What the task requires – From the records below, extract only the lines running from the line with "図-10のモバイルでは、トラ" to the line with "If you have", both lines included, reproducing them exactly.

Source data –
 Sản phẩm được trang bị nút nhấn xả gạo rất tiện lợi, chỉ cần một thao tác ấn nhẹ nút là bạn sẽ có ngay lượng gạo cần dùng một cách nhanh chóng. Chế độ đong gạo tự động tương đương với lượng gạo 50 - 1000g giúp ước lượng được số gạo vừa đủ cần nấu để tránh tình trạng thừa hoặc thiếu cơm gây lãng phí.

...

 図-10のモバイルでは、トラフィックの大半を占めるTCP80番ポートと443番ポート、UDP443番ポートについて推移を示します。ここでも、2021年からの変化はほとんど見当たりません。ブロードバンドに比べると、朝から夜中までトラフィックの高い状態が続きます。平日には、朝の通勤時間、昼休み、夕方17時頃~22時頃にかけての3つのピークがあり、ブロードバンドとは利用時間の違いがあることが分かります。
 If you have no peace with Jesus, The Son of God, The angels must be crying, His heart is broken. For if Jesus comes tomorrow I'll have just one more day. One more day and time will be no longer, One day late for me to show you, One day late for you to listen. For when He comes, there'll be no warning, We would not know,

Expected output –
 図-10のモバイルでは、トラフィックの大半を占めるTCP80番ポートと443番ポート、UDP443番ポートについて推移を示します。ここでも、2021年からの変化はほとんど見当たりません。ブロードバンドに比べると、朝から夜中までトラフィックの高い状態が続きます。平日には、朝の通勤時間、昼休み、夕方17時頃~22時頃にかけての3つのピークがあり、ブロードバンドとは利用時間の違いがあることが分かります。
 If you have no peace with Jesus, The Son of God, The angels must be crying, His heart is broken. For if Jesus comes tomorrow I'll have just one more day. One more day and time will be no longer, One day late for me to show you, One day late for you to listen. For when He comes, there'll be no warning, We would not know,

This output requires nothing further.